As Olympic mania swept the world in recent weeks, it transported the host country, Great Britain, to a rare display of public exultation. Indeed, the successes of “Team GB” produced an upsurge of patriotic rejoicing akin to victory in war. Britain finished third in the gold medal count, behind the US and China, much larger countries, but ahead of Russia, which traditionally competes with the US for first place.
So, what is the secret of Olympic success? The acquisition of medals, precisely because it gives so much satisfaction, has become the object of scientific inquiry and national endeavor.
Before the 2012 Games, the Financial Times combined four economic models to produce the following “consensus” prediction of gold medals (the actual results are in brackets): 1. US, 39 (46); 2. China, 37 (38); 3. Great Britain, 24 (29); 4. Russia, 12 (24); 5. South Korea, 12 (13); and 6. Germany, 9 (11). The gold medal rankings and overall medal placement (gold, silver, and bronze) were correctly predicted in all cases.
The most striking finding is that the medal count can be predicted with great accuracy from four key variables: population, GDP per capita, past performance, and host status. Everything else — different training structures, better equipment, and so forth — is pretty much noise.
The impact of population and GDP is obvious: A large population increases the chance that a country will have athletes with the natural talent to win medals, and a high GDP means that it will have the money to invest in the infrastructure and training needed to develop medal-winning athletes.
Past performance is also important: The visibility and prestige of a sport increases after Olympic success, as does funding. Medals attract money; failure results in cuts.

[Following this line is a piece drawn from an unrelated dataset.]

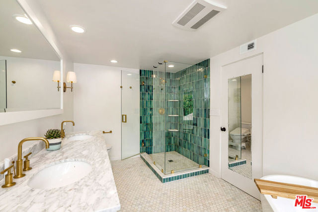 Prime Sherman Oaks 4 bedroom, 4 bathroom traditional home recently redone with a modern farmhouse style. This light and bright home is equipped with skylights, a formal living room, separate dining room off the Chef's kitchen with additional breakfast nook/pantry. The over-sized family room with vaulted ceilings boasts a separate wet bar perfect for entertaining or for family gatherings with sliders opening up to the grassy yard and sparkling pool. The downstairs en suite bedroom is perfect for guests and no detail was spared in the build out of closests. The over-sized master has 2 large walk in closests and a private balcony overlooking the pool. The other two bedrooms feature a shared jack and jill bathroom with marble shower and abundant closet space. This perfect bright traditional family home is now available in a coveted, quiet area of Sherman Oaks
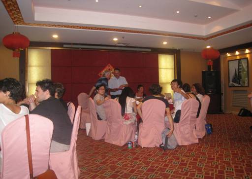 On the night of July 26th, students from both Italy and China, together with Professor Socol Carol and Mei Weihui from the Education Department, all gathered at Lingfeng Restaurant for the dinner party. Halway through, Professor Socol awarded the Italian students their certificates, which excited them so much that some of them began kissing the certificates while others began “showing them off” to their fellow Chinese friends. Fully aware that this gathering was the Italian students’ last formal dinner with the Chinese students in Hangzhou, everyone cherished it with extra value. Games were played and private conversations shared all the students bonded closer than ever before, which had become the best goodbye present for each other.

Finally, the “home advantage” includes not just the benefit of morale and the opportunity to train in the actual Olympic venues, but also the funding boost that host status brings. In 2004, British athletes received £70 million (US$110 million). By 2008, after London was awarded the 2012 Games, the total was £245 million, and stood at £264 million this year.
Over the past 10 Olympics, the host country has won 54 percent more medals on average than when it was not the host. Hosting the Olympics boosts performance before the hosted Games, and has effects that outlast them.
Some sports are more sensitive to income and host-nation effects than others. Equestrianism, sailing, cycling and swimming, for example, are far more expensive than running, and this reduces the participation of low-income countries. It is almost impossible for some countries to produce medal-winning athletes in some sports — Ethiopia has only one swimming pool per six million people.
Sometimes, poor countries are priced out of a sport. India was historically strong at field hockey, winning almost all of the gold medals between 1928 and 1968, but, since the Games switched from grass to expensive synthetic turf, the Indians have won just one field hockey medal. Some of the sports at which Britain has done particularly well, like cycling and rowing, are most highly influenced by income and host effects.
Brazil can therefore expect to improve considerably on its modest haul (15 medals) and 21st-place finish when it hosts the 2016 Games.
As for the others, the formula for success is fairly simple: Select your potentially winning sports, pick the potential medalists in those sports, pour money into them and stick with both the sports and the players until the medals roll in.
The funding can be corporate sponsorship (as in the US), state money (as in China), or a mixture of National Lottery and state money (as in the UK).
Two questions arise. First, why should a country concentrate on accumulating trophies at the expense of other desirable goods? Second, can the formula for “picking winners” in sports be replicated for competitive success in international trade?
The answer to the first is not obvious. An economist would probably argue that money spent on education, housing and health care brings more “welfare” than money spent in the quest for medals. When all is said and done, sports is entertainment; the others are necessities.
However, that argument ignores the effect of sporting success on national morale, an intangible factor in a country’s success in other, more “serious,” spheres of endeavor. A country that can succeed in one sphere of peaceful competition is encouraged to feel that it can do well in others.
One can treat this claim with a certain degree of skepticism — after all, the 2004 Athens Olympics failed to produce a Greek economic miracle. However, it does lead to the second question: Can the methods that produce Olympic winners be applied elsewhere?
Nothing is more discredited in Anglo-American economics than the policy of “picking winners.” The consensus has been that it inevitably leads to the state “backing losers.” Economic success, on this view, is best left to the unfettered play of market forces.
This philosophy has been heavily jolted by two inconvenient facts: the financial collapse of 2007-2008 and the experience of countries like Japan, South Korea, Germany, and even the US, where economic success depended heavily on sustained government investment of the kind that has produced Olympic medals. As in sports, so in economic life: Government commitment can start a virtuous circle of success, while government neglect can trigger a vicious circle of decline.
Nevertheless, the popular hunger for sporting success, and the celebratory outpouring that it evokes, is bound to provoke some disquiet.
It seems to mark humanity’s retreat into infantilism. However, if the douceur of sports can channel aggressive passions into benign, if trivial pursuits, why should we deny our star performers their heroic stature?
Robert Skidelsky is a member of the British House of Lords and professor emeritus of political economy at Warwick University.